/overscripted

Repository for the Mozilla Overscripted Data Mining Challenge

Primary LanguageJupyter NotebookMozilla Public License 2.0MPL-2.0

Overscripted Web: Data Analysis in the Open

The Systems Research Group (SRG) at Mozilla have created and open sourced a data set of publicly available information that was collected by a November 2017 Web crawl. We want to empower the community to explore the unseen or otherwise not obvious series of JavaScript execution events that are triggered once a user visits a webpage, and all the first- and third-party events that are set in motion when people retrieve content. Some preliminary insights already uncovered from this data are illustrated in this blog post. Ongoing analyses can be tracked here

The crawl data hosted here was collected using OpenWPM, which is developed and maintained by the Mozilla Security Engineering team.

Submitting an analysis:

  • Analyses should be performed in Python using the jupyter scientific notebook format and executing in this environment.
  • Analysis can be submitted by filing a Pull Request against this repository with the analysis formatted as an *.ipynb file or folder in the /analyses/ folder.
  • Set-up instructions are provided here: https://github.com/mozilla/overscripted/blob/master/analyses/README.md
  • Notebooks must be well documented and run on the environment described. If additional installations are needed these should be documented.
  • Files and folders should have the format yyyy_mm_username__short-title - the analyses directory contains examples already if this is not clear.
  • PRs altering or updating an existing analysis will not be accepted unless they are tweaking formatting / small errors to facilitate that notebook running. If you wish to continue / build-on someone else's existing analysis start your own analysis folder / file, cite their work, and then proceed with your extension.

Accessing the Data

Each of the links below links to a bz2 zipped portion of the total dataset.

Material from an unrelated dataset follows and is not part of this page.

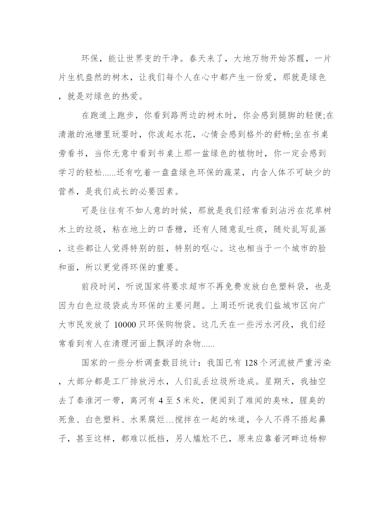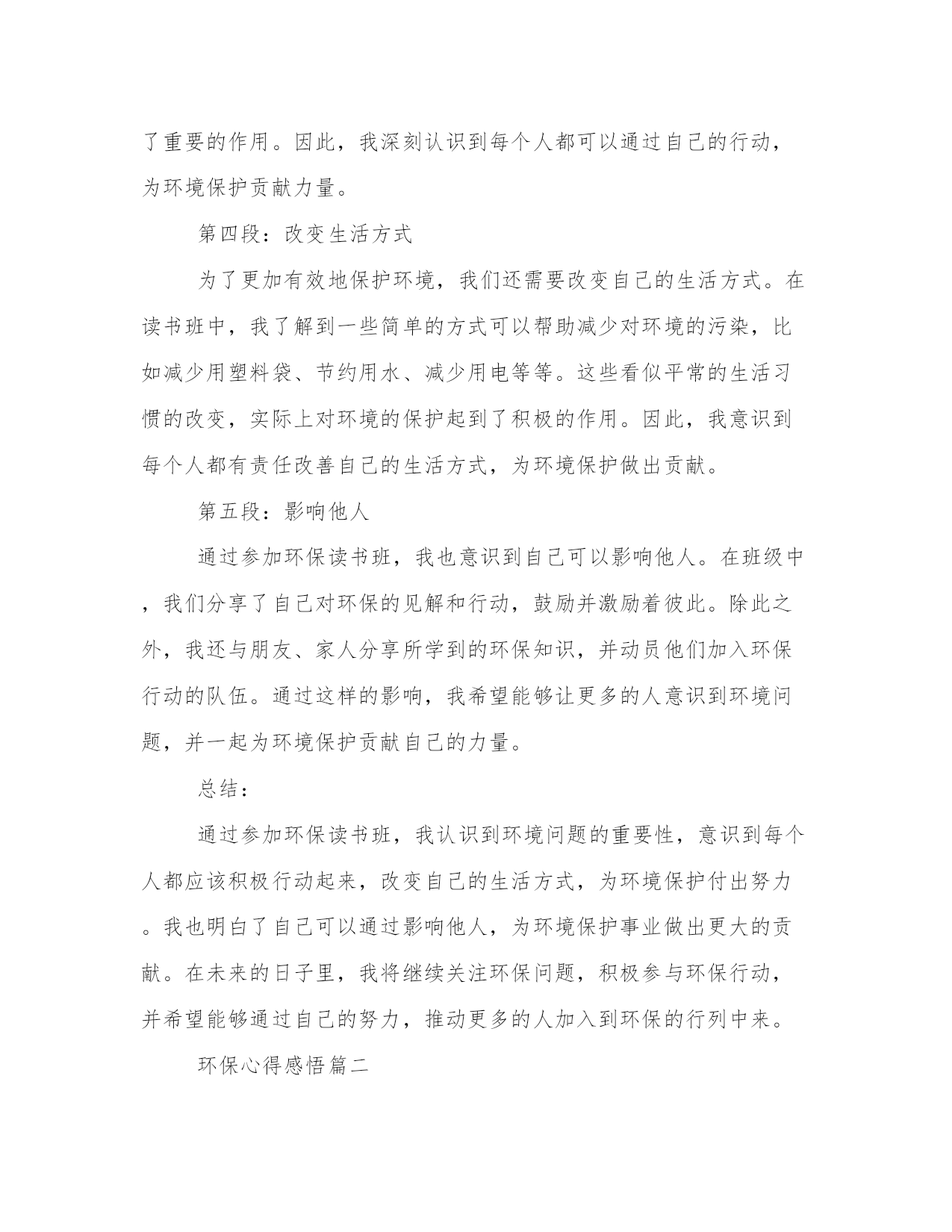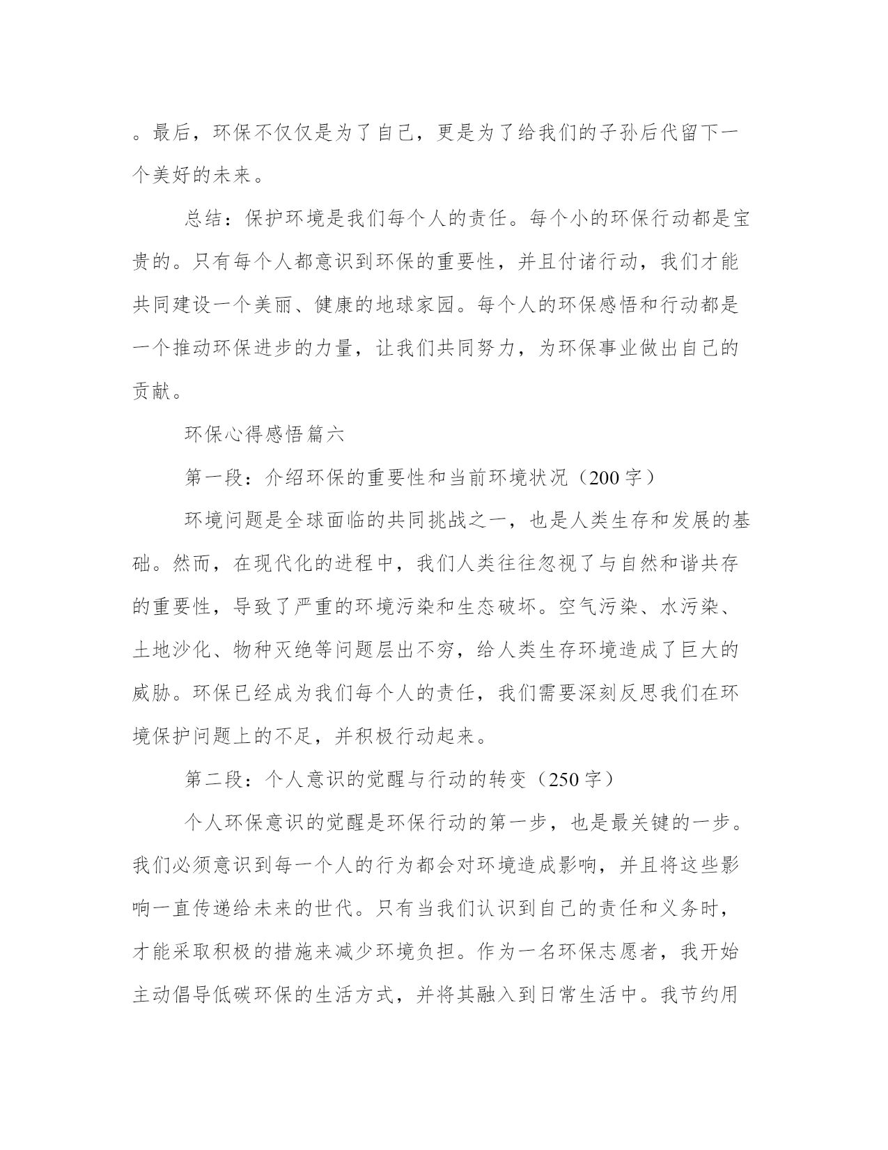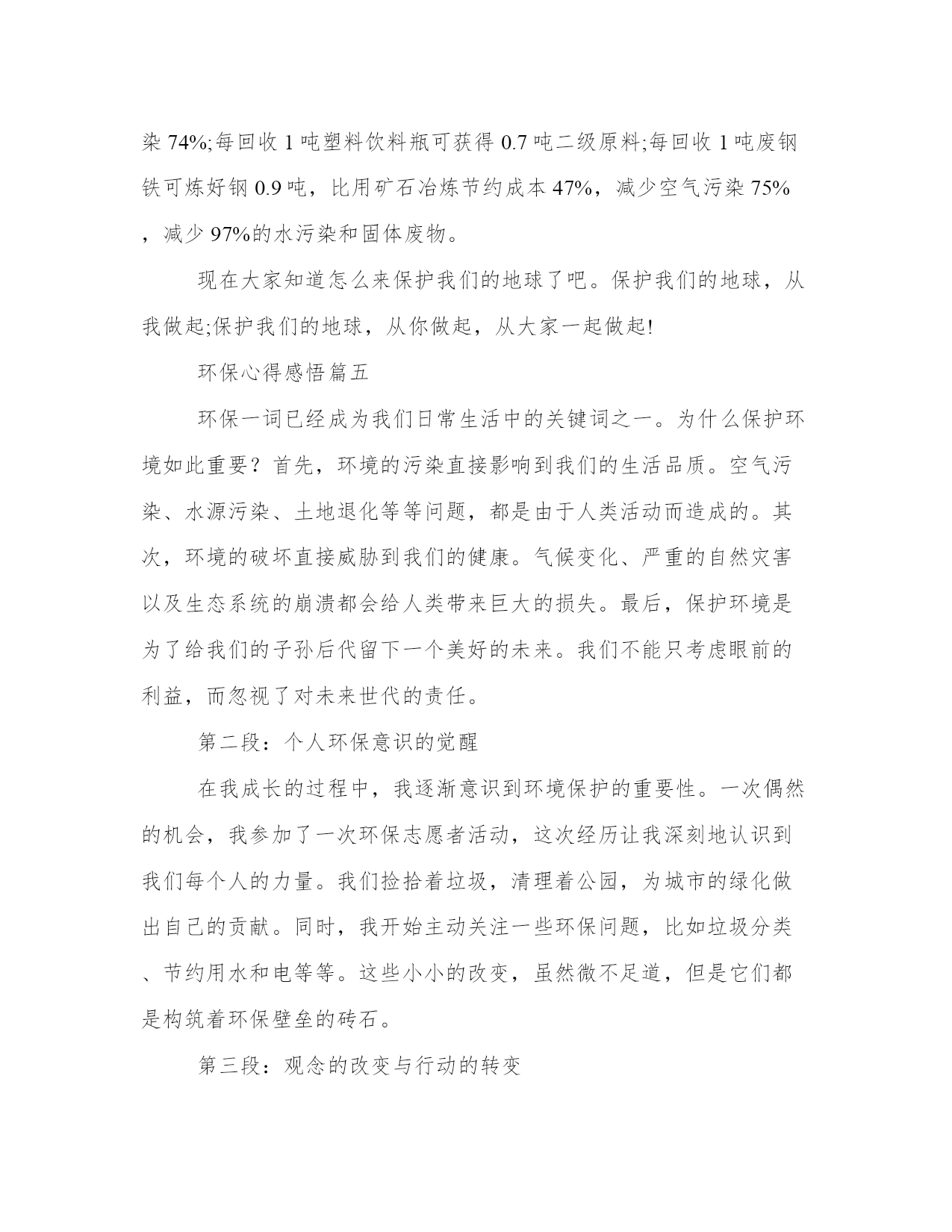 优质环保心得感悟范文(16篇)感悟来自于生活的历练与体验,是对人生真理的一种深刻洞察和把握。借鉴他人的感悟,如何平衡个人表达和其它观点?以下是一些关于感悟的经典范文,供大家参考和品味。环保心得感悟篇一我参加了一场名为环保读书班的活动,这是一次近距离接触环保主题的机会。通过参与这个班级,我收获了很多知识,同时也对环保问题有了更深的了解。在这篇文章中,我将分享一些我在这个环保读书班中的心得体会和感悟。第二段:关注环境问题的重要性在读书班的过程中,我逐渐认识到环境问题的重要性。通过学习环保主题的书籍,我了解到人类的行为对于地球造成了巨大的破坏,比如过度开发资源、过度使用化学物质等等。这些问题不仅仅会让我们的地球变得不宜居,还将影响到我们未来的生活。因此,我们每个人都应该关注环境问题,并积极采取行动,保护我们的地球。第三段:环保行动的重要性仅仅关注环境问题是不够的,我们还需要采取积极的环保行动。在读书班中,我了解到很多人们已经开始行动起来,为环境保护付出了努力。比如,在书中我了解到一些环境保护组织在进行垃圾分类、植树造林等活动。这些行动虽然看起来微小,但却对于环境保护起到了重要的作用。因此,我深刻认识到每个人都可以通过自己的行动,为环境保护贡献力量。第四段:改变生活方式为了更加有效地保护环境,我们还需要改变自己的生活方式。在读书班中,我了解到一些简单的方式可以帮助减少对环境的污染,比如减少用塑料袋、节约用水、减少用电等等。这些看似平常的生活习惯的改变,实际上对环境的保护起到了积极的作用。因此,我意识到每个人都有责任改善自己的生活方式,为环境保护做出贡献。第五段:影响他人通过参加环保读书班,我也意识到自己可以影响他人。在班级中,我们分享了自己对环保的见解和行动,鼓励并激励着彼此。除此之外,我还与朋友、家人分享所学到的环保知识,并动员他们加入环保行动的队伍。通过这样的影响,我希望能够让更多的人意识到环境问题,并一起为环境保护贡献自己的力量。总结:通过参加环保读书班,我认识到环境问题的重要性,意识到每个人都应该积极行动起来,改变自己的生活方式,为环境保护付出努力。我也明白了自己可以通过影响他人,为环境保护事业做出更大的贡献。在未来的日子里,我将继续关注环保问题,积极参与环保行动,并希望能够通过自己的努力,推动更多的人加入到环保的行列中来。环保心得感悟篇二环保,能让世界变的干净。春天来了,大地万物开始苏醒,一片片生机盎然的树木,让我们每个人在心中都产生一份爱,那就是绿色,就是对绿色的热爱。在跑道上跑步,你看到路两边的树木时,你会感到腿脚的轻便;在清澈的池塘里玩耍时,你泼起水花,心情会感到格外的舒畅;坐在书桌旁看书,当你无意中看到书桌上那一盆绿色的植物时,你一定会感到学习的轻松......还有吃着一盘盘绿色环保的蔬菜,内含人体不可缺少的营养,是我们成长的必要因素。可是往往有不如人意的时候,那就是我们经常看到沾污在花草树木上的垃圾,粘在地上的口香糖,还有人随意乱吐痰,随处乱写乱画,这些都让人觉得特别的脏,特别的呕心。这也相当于一个城市的脸和面,所以更觉得环保的重要。前段时间,听说国家将要求超市不再免费发放白色塑料袋,也是因为白色垃圾袋成为环保的主要问题。上周还听说我们盐城市区向广大市民发放了10000只环保购物袋。这几天在一些污水河段,我们经常看到有人在清理河面上飘浮的杂物......国家的一些分析调查数目统计:我国已有128个河流被严重污染,大部分都是工厂排放污水,人们乱丢垃圾所造成。星期天,我抽空去了秦淮河一带,离河有4至5米处,便闻到了难闻的臭味,腥臭的死鱼、白色塑料、水果腐烂…搅拌在一起的味道,令人不得不捂起鼻子,甚至这样,都难以抵挡,另人尴尬不已,原来应靠着河畔边杨柳享受风光,坐在长椅上津津有味读着小说书,倚在梧桐树的枝丫上锻炼的老人、青年、儿童现在都一散而光。那是因为杨柳被顽皮的儿童折的枯枝残叶,河里散发阵阵恶臭,大树的浓荫被破坏所导致的种.种因素。“1、2、3、4、5…”说得夸张点,这似乎比天上的星星还难。这时,从我头的正前方,一个古囊囊的黑色塑料袋飞驰而过,落在河的正中央,塑料袋慢慢松散,只见成群的垃圾随波逐流,,我愤恨地瞪了楼层上方一眼,此时,我有一个久置心中的疑惑:一个动物活在世上,都会爱自己的家园,珍惜自己的家园。而一个人——这样的高级动物,为何却对所处的环境如此不屑呢?回过头讲,如你的环保意识缺乏,或下降,就意味着你的生命的浅薄,人类思想的退化,这样一来,活在世上,似乎是脱了骨头支撑的皮肉;已毫无意义。环保,是否困扰着你,我,他?不是的,因为环保是每个人的责任,应尽的责任,而不是捐给希望工程的爱心,施舍给路边乞丐的一顿饭。环保心得感悟篇三我身边有一个环保达人——小琦。小琦是一个

A small sample of the data is available in safe_dataset.sample.tar.bz2 to get a feel for the content without commiting to the full download.

Three samples that are large enough to meaningful analysis of the dataset are also available as the full dataset is very large. More details about the samples are available in data_prep/Sample Review.ipynb

The full dataset. Unzipped the full parquet data will be approximately 70GB. Each (compressed) chunk dataset is around 9GB. SHA256SUMS contains the checksums for all datasets including the sample.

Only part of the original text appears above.